A recent survey from Saga Populus interviewed 12,058 people over the age of 50 between 17-24 September 2018, to examine opinions on lifestyle, expenditure and aspirations. The aim of the survey was to explore people’s perspective on issues that arise from living longer. The results were shown across 4 age bands to help identify any trends or differences of opinion.
Below is a highlight of some of the key findings from the survey and what we think it tells us about attitudes in the mature market.
Which three experiences give you the most enjoyment in life?
The top three experiences were spending time with family (71% of total respondents), going on holiday (59%) and spending time with friends (50%).

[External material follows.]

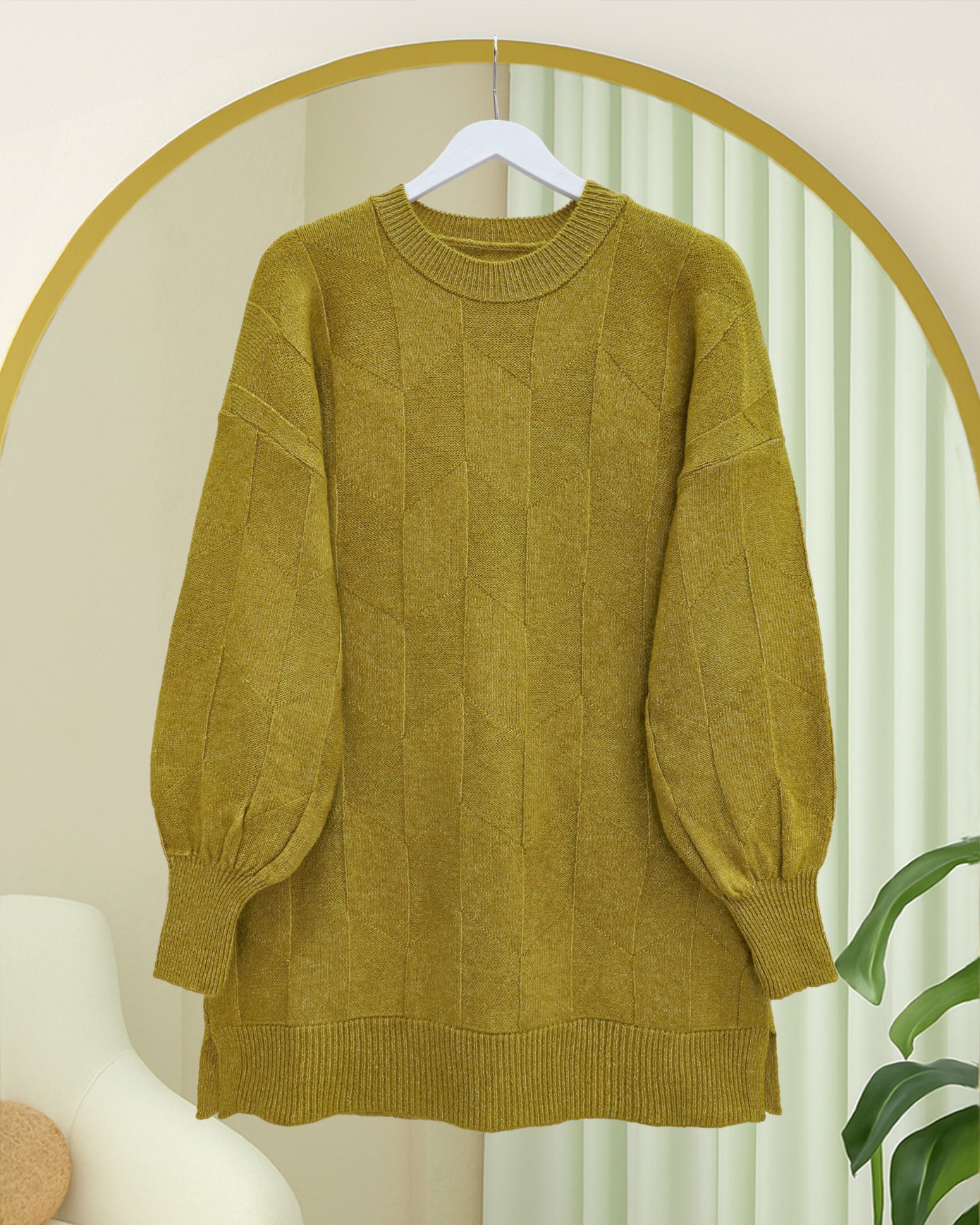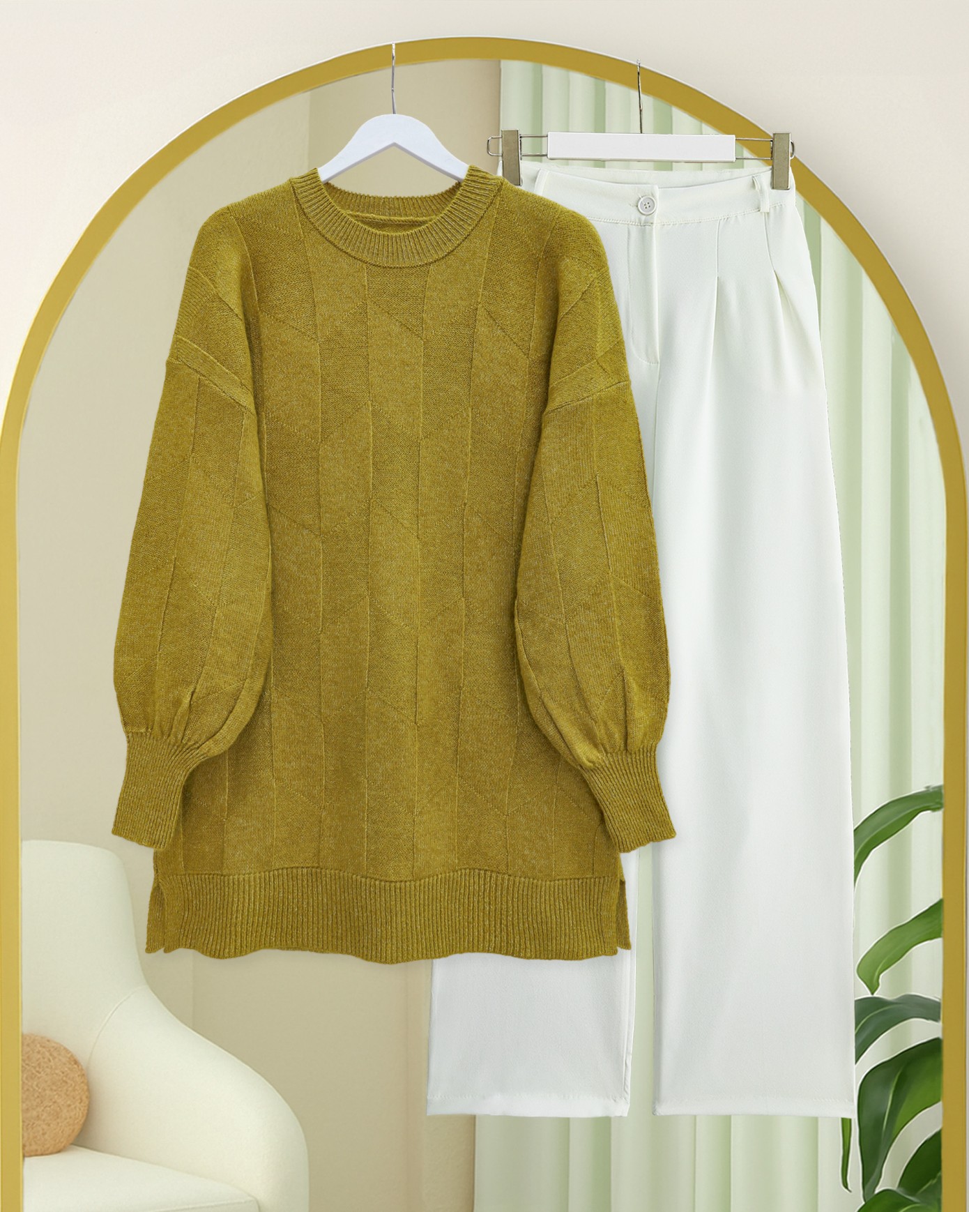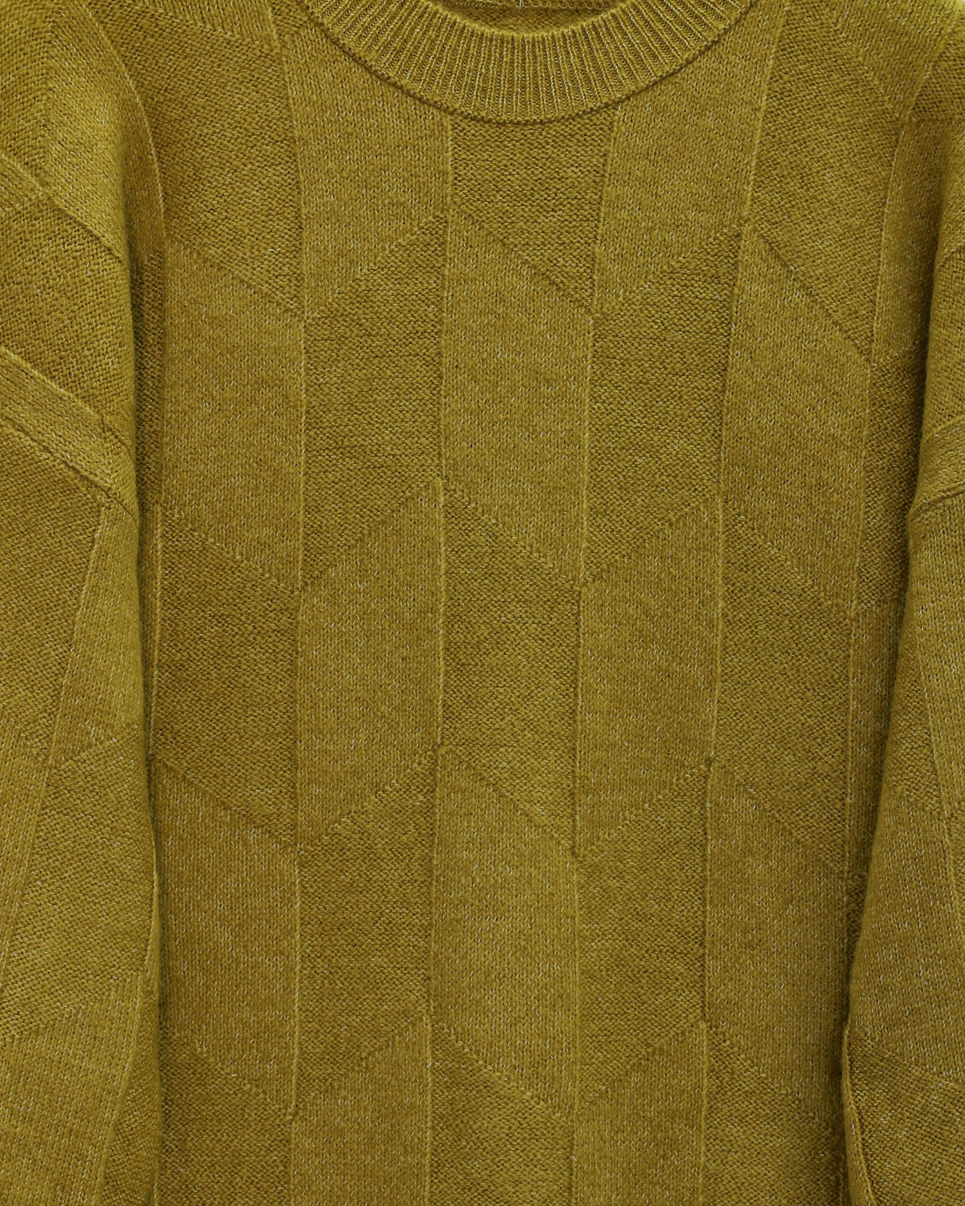 Yuvarlak Yaka Salaş Desenli Triko Kazak -Yağ Yeşili-Yağ Yeşili

74% of female respondents chose spending time with family, compared to 68% of male respondents. Going on holiday was the second most enjoyable experience across the 4 age groups. However, it was notable that the older age group of 90+ years rated this as their third most enjoyable experience as opposed to the second most enjoyable experience in comparison to the other age groups.
Which of the following issues do you worry most about?
35% of respondents worried most about their health. Of this response there was little difference between genders with 36% of men and 34% of women saying their health worried them.
The cost of social care was a particular worry to those within the higher age groups. 13%, 14% and 20% respectively of 70-79, 80-89 and 90+ year olds cited this as a concern compared to 6% and 9% of 50-59 and 60-69 years olds.
Another interesting insight from the data is that the higher the social status of the respondent the more concerned they were to the question of the cost of social care. 11% of AB compared to only 7% of DE social class. 61% of all respondents were worried about the impact on society of an ageing population.
13% of all respondents said they didn’t have any worries. Of these 15% were men compared to 11% of women. Interestingly, 20% of the older age group of 90+ said that they had no worries compared to 11% in the younger age group of 50-59 years.
The results were also fairly consistent throughout the UK. On the question of having no worries the scores were slightly better in the East Midlands, North West and Northern Ireland.
What are the main societal issues arising from people living longer?
The need to redesign health and care services to suit an ageing population was noted by 87% of respondents as the main societal issue arising for longevity. This was closely followed by the need for people of all ages to plan and prepare financially for living longer which resulted in 75% of total respondents.
However, it is worth noting that 65% of all respondents felt that ageing was ‘great and something to be celebrated’, with a further 53% stating that they felt this offered ‘new exciting opportunities for people and the wider community’.